The only idea I have come up with for dealing with the short logs is to make a flat on them and use some 1/2" lag bolts to attach them to a piece of 3/4" plywood (bad idea?).
Any links to a spanning jig?


----------



## woodnthings (Jan 24, 2009)

*You Tube has some great videos;;;*





 
Electric Band Mill:


----------



## Julian the woodnut (Nov 5, 2008)

That electric bandsaw looks like a great idea! With all his tinkering ability, you think a blade guard would have been built! I bet a 3 phase motor would just hum right along without much fuss.


----------



## slabmaster (Mar 30, 2008)

I tried to cut short ones in half with my chainsaw mill then resaw on my 14" bandsaw but the those bandsaws don't have a way to lube the blade when cutting green wood and don't work very good as the blade gets coated too fast with sap.If you look at your pic, you will see where the blade burned in places in the cut.And cutting wide boards wound be even woest.I just use my csm when the wood is green now.


----------



## dirtclod (May 7, 2008)

There's a lot of homemade jigs out there but I don't have links. By coincidence another member posted his unique approach: http://www.woodworkingtalk.com/f26/jig-short-logs-blocks-13199/#post103639

You can gain some inspiration from his. But most are simply a piece of wood to span the bunks with built in mill stops. Knees and dogs (2 of each) are worked out on a case by case basis. Generally they are cobbled togather.

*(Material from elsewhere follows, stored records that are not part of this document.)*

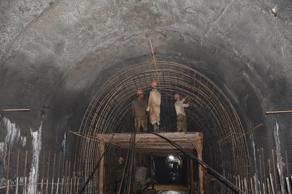 在排洪隧洞二次襯砌需要一次性成型澆筑時,大家站在水里接力把鋼架釘進去,等澆筑完每個人累得碗都抬不動,脫水鞋時因為腳掌潰爛硬生生扯下一塊皮來??粗@群平均年齡不足27歲的年輕人呲牙咧嘴的表情,項目經(jīng)理趙云哽咽宣布“全體人員休假一天?!?/span>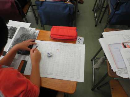 調べたことをもとに、時間、場所、大きさ、様子を入れて、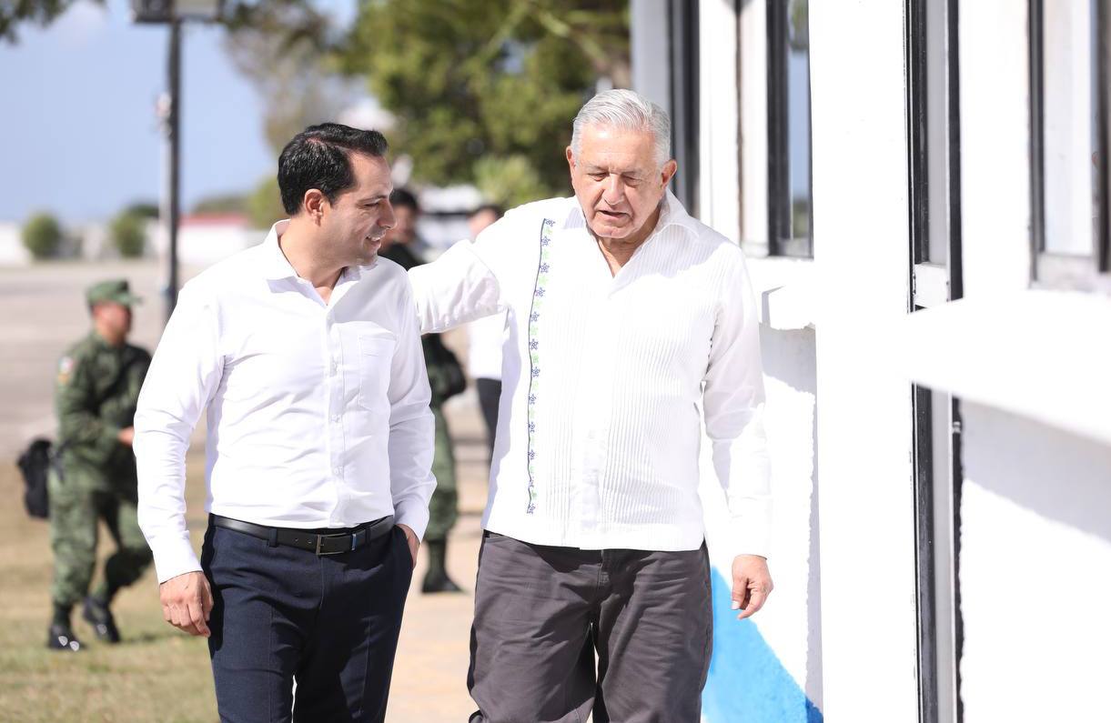 En su segunda reunión en lo que va de este año, el Gobernador y el Presidente revisaron el estado que guardan las obras de construcción de los tramos 2 Escárcega-Calkiní y 3 Calkiní-Izamal del Tren Maya, así como del gran parque de «La Plancha», la ampliación del puerto de altura de Progreso, el Hospital General de la zona Ticul y la construcción de las 2 plantas de generación de energía eléctrica de ciclo combinado.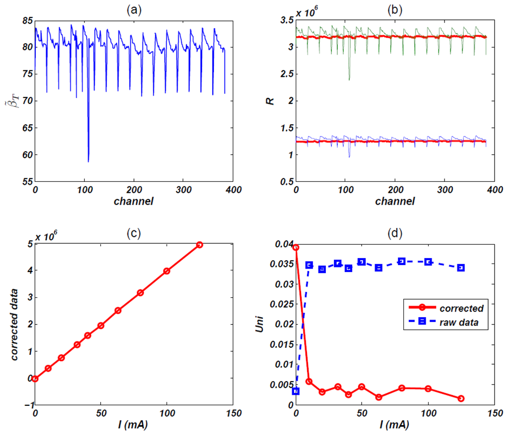 Finally, we show the a contrast of uniformity Uni, which was defined in Equation (7). For almost all response, the corrected result has better uniformity. For the zero input, however, the uniformity is undermined by the correction procedure, this is because raw data of zero input's uniformity is quite well, just as we have analyzed in noise level experiments.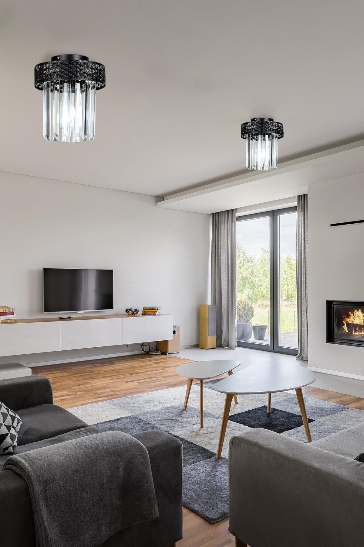 Citrus Single Black Lux Crystal Stone Ceiling Mount Chandelier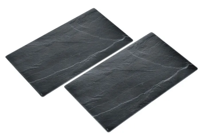 Schiefer-Arbeitsplatten in der Küche – wer wünscht sich das nicht? Der dunkle Stein mit der dezenten Äderung sieht einfach elegant aus. JUSTINUS hat hier ein 2-teiliges Set Herdabdeckpaltten aus grauem und schwarzem Glas im Sortiment, das wie Schieferplatten aussieht und aus Ihrem Herd eine schnittfeste und rutschfeste Arbeitsfläche macht. Die Platten können in der Spülmaschine gereinigt werden, die Größe von 30 cm x 52 cm lässt das gerade noch zu. Das schöne Schieferdesign ist 1 cm dick und hitzebeständig. Die Platten sind fast zu schade, um sie in der Küche zu verstecken!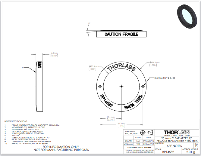Thorlabs索雷博 BP145B2 - Ø1英寸薄膜分束器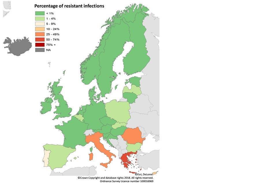 Figure 2: percentage of Klebsiella pneumoniae infections resistant to carbapenem antibiotics, Europe, 2016 [Source: Surveillance atlas of infectious disease. Produced by European Centres for Disease Control, 2016]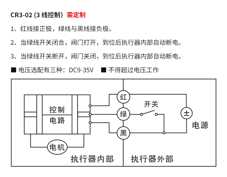 2、當(dāng)綠線開關(guān)閉合,閥門關(guān)閉,到位后執(zhí)行器內(nèi)部自動斷電。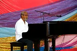 Young has a stated interest in promoting the development of Belizean music.[15] Young has actively contributed to efforts in Belizean schools to maintain music as an educational staple.[14] Young's son, Colville Young Jr., is the director of the Belize National Youth Symphony. Currently Colville Young is working with founders of the Belize Virtuosi Orchestra, Joel Nagel and Peter Illavsky,[16] to raise funds to build a chamber orchestra auditorium in Belize.[17] Young established the Governor General's Music in the Schools Programme which works with partner abroad to expand music in schools and access to musical instruments.[18]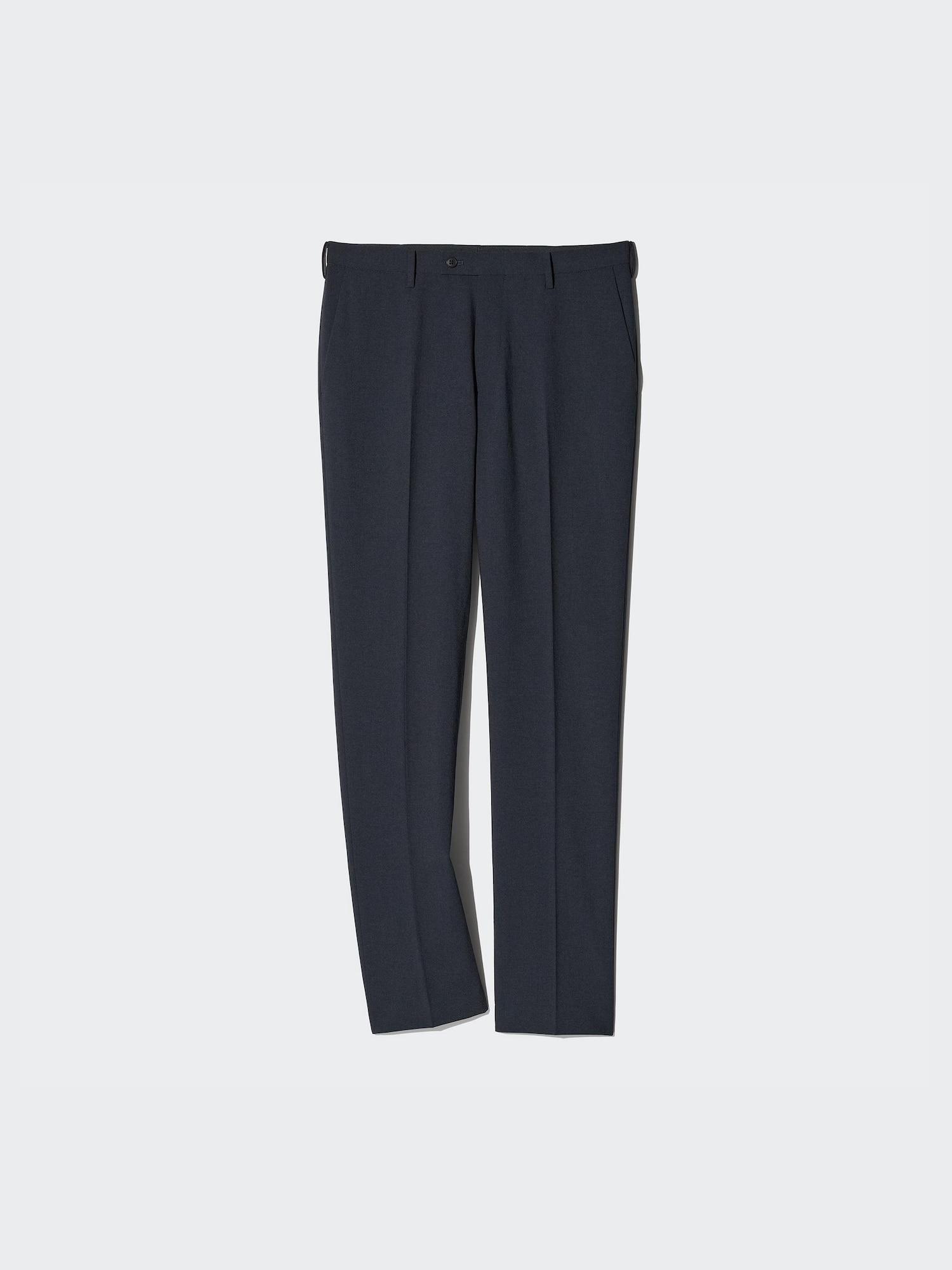 Uniqlo Япония впечатляющие брюки 2-сторонняя растяжка шерсть как длина 70 73 76 85 см можно настроить 69 NAVY/85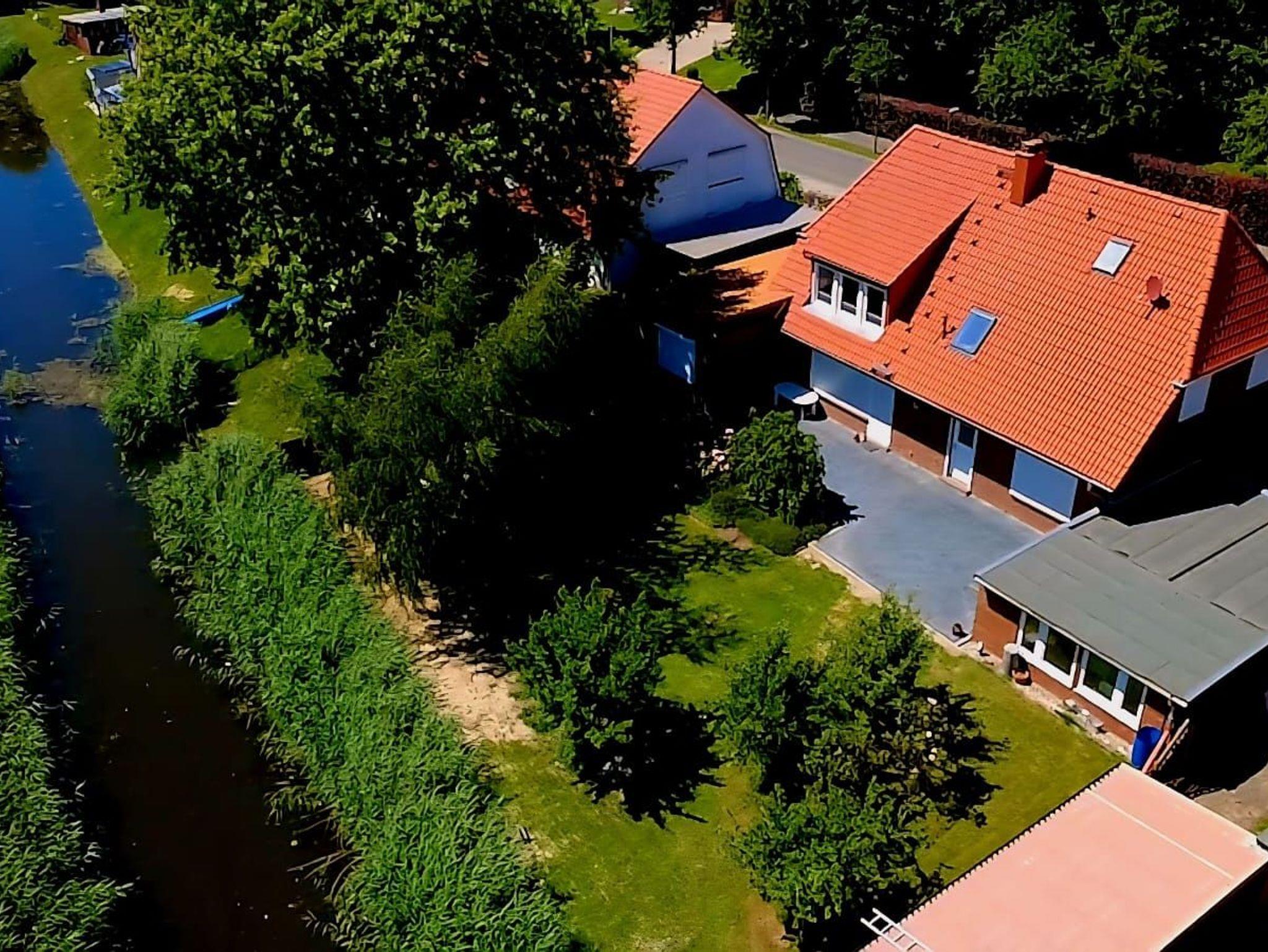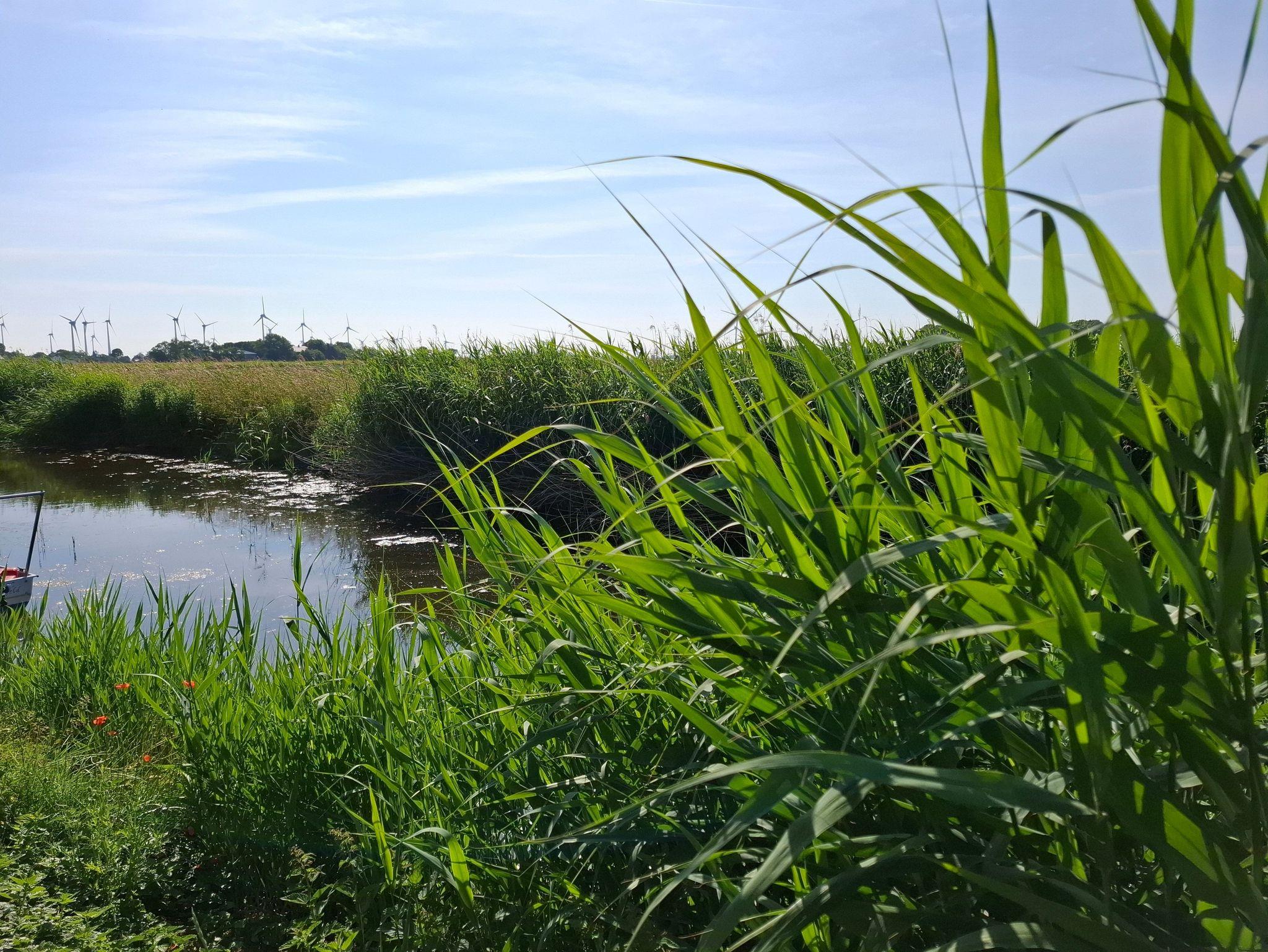Ruhige, sonnige Terrasse direkt am Fleet, umgeben von Obstbäumen und Natur

I'd be careful using lags as they damage the wood and can present a hazard to the blade.


----------



## TexasTimbers (Oct 17, 2006)

Dax,

Did you end up getting all the logs milled?


----------



## daxinarian (Sep 8, 2008)

He is coming on Sunday. Apparently he has a smaller mill back at his place so they are going to get milled there... I will try to take pictures while we are milling (I say we, but I think the only thing I will be doing is lifting and moving wood)


----------



## daxinarian (Sep 8, 2008)

*update*

So he came out on Sunday and we started milling the largest dia log, it was actually 46" long which was just long enough to catch the hold downs on the machine. Unfortunately the device that sets the thickness of each cut was not working right so there is a bit of variation between each piece. To make matters worse, once he finished cutting the first log, the mill stopped going "down", so he could only raise the blade... He has a call in to get it fixed and is planning on coming back next weekend to finish the job (with either his fixed mill or his old manual mill).

I will try to get some pictures of the boards that were successfully milled in the next day or so.


----------